'We owe it to Mandela and the Arch to continue working for the country of their dreams': Mandela foundation
The loss of Archbishop Emeritus Desmond Mpilo Tutu is “immeasurable”.
So says Nelson Mandela Foundation CEO Sello Hatang.
In a statement after Tutu's death on Sunday, Hatang said that the last surviving SA laureate of the Nobel Peace Prize's contributions to struggles against injustice, locally and globally, are “matched only by the depth of his thinking about the making of liberatory futures for human societies”.
“He was an extraordinary human being. A thinker. A leader. A shepherd. Our thoughts are with his family and friends at this most difficult time.”
“The Arch meant everything to me,” said Hatang.
“I first met him during the work of the Truth and Reconciliation Commission, and was privileged to work with him on a number of projects over the years. He was a friend to Madiba and to the foundation.”
Hatang recounted that Mandela and Tutu first met at a debating competition in the early 1950s and that four decades later, on the day that Mandela was released from prison, he spent his first night as a free man at the home of the Tutus in Bishopscourt, Cape Town.
On that occasion before everyone retired for the night, he said Tutu offered a prayer of thanksgiving and led a singing of Reverend Tiyo Soga’s famous hymn in isiXhosa, ‘Lizalis’idinga lakho’ — ‘Let your will be done’.
He said from then onwards until Mandela passed away in 2013 they were in regular contact and their friendship deepened over time.
“There was a light, almost teasing quality, to their relationship. They relentlessly poked fun at each other’s preferred attire, for instance — Mandela wearing his Madiba shirts and the Arch his robes.”

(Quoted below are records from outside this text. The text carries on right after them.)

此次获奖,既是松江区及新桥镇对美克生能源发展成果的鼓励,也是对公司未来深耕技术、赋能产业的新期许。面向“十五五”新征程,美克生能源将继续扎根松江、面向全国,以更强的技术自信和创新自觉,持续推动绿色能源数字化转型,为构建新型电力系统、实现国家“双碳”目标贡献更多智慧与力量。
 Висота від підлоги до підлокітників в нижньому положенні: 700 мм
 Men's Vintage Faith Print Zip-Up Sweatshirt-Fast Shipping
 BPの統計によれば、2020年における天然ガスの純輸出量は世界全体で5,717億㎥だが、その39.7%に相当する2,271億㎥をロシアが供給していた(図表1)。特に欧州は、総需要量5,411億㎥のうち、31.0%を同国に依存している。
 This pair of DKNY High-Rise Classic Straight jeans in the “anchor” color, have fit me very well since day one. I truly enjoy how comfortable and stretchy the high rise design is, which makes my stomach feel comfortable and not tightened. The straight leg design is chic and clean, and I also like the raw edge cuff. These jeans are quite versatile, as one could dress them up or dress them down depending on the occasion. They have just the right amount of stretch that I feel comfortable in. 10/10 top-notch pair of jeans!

It was Tutu who held aloft Madiba’s hand on the balcony of Cape Town’s City Hall on May 9 1994 and presented him to the assembled throngs as the country’s new “out of the box” president.

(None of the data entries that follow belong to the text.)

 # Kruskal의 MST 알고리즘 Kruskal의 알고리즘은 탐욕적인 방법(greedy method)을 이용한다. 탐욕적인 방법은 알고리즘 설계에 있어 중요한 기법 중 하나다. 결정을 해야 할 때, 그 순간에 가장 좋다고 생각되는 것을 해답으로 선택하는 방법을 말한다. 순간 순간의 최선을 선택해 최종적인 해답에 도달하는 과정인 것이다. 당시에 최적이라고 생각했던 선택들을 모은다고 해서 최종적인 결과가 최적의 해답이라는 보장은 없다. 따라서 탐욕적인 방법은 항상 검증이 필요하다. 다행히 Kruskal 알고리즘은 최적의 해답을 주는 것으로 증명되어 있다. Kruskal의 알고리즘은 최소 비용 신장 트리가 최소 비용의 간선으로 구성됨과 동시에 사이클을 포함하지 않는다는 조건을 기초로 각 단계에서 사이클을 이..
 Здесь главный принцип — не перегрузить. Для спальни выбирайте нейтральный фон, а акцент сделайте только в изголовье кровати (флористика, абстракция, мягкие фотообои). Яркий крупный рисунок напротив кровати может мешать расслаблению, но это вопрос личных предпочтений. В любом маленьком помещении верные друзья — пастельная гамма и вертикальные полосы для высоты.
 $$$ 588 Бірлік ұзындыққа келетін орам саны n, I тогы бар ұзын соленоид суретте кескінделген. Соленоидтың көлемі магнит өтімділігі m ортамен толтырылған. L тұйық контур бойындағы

In 1995 Mandela appointed him to chair the country’s Truth and Reconciliation Commission, a position Tutu used to drive endeavours to reckon with oppressive pasts but also to hold the new democratic government accountable.

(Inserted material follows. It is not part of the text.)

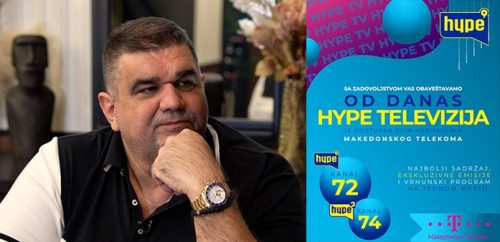 SAŠA MIRKOVIĆ S PONOSOM NAJAVIO: „Od danas možete na Makedonskom Telekomu da pratite Hype televiziju na poziciji 72 i Hype 2 na poziciji 74. Kako se budemo širili tako ćemo da povećavamo i broj kanala“ Nakon što su televizijski kanali HYPE i HYPE 2 od danas dostupni svim korisnicima mreže Makedonskog Telekoma, oglasio se vlasnik … Nastavi sa čitanjem SAŠA MIRKOVIĆ S PONOSOM NAJAVIO: „Od danas možete na Makedonskom Telekomu da pratite Hype televiziju na poziciji 72 i Hype 2 na poziciji 74. Kako se budemo širili tako ćemo da povećavamo i broj kanala“

As Mandela reflected in that period: “His most characteristic quality is his readiness to take unpopular positions without fear ... He speaks his mind on matters of public morality. As a result, he annoyed many of the leaders of the apartheid system. Nor has he spared those that followed them — he has from time to time annoyed many of us who belong to the new order. But such independence of mind — however wrong and unstrategic it may at times be — is vital to a thriving democracy.” Most recently, of course, Tutu spoke out robustly and insistently against state capture.
In 2004 he delivered the Nelson Mandela Annual Lecture, and used the platform to deliver a stinging critique of the governing party. The thrust of his argument was the extent to which leadership had failed society’s most vulnerable. “We were involved in the struggle because we believed we would evolve a new kind of society. A caring, a compassionate society. At the moment many, too many, of our people live in gruelling, demeaning, dehumanising poverty.”
Madiba and the Arch were both founding members of The Elders, an international grouping of inspirational leaders which has done human rights work in countries around the world.
“We owe it both to Madiba and to the Arch to continue working for the country and the world of their dreams,” said Hatang.
“Their intersecting legacies are powerful resources for social justice work.”
When Mandela passed away in 2013, Archbishop Emeritus Tutu said: “This is a man who cared.” As the foundation mourns today the passing of our beloved Arch, we in turn can say precisely the same of him. May he rest in peace.”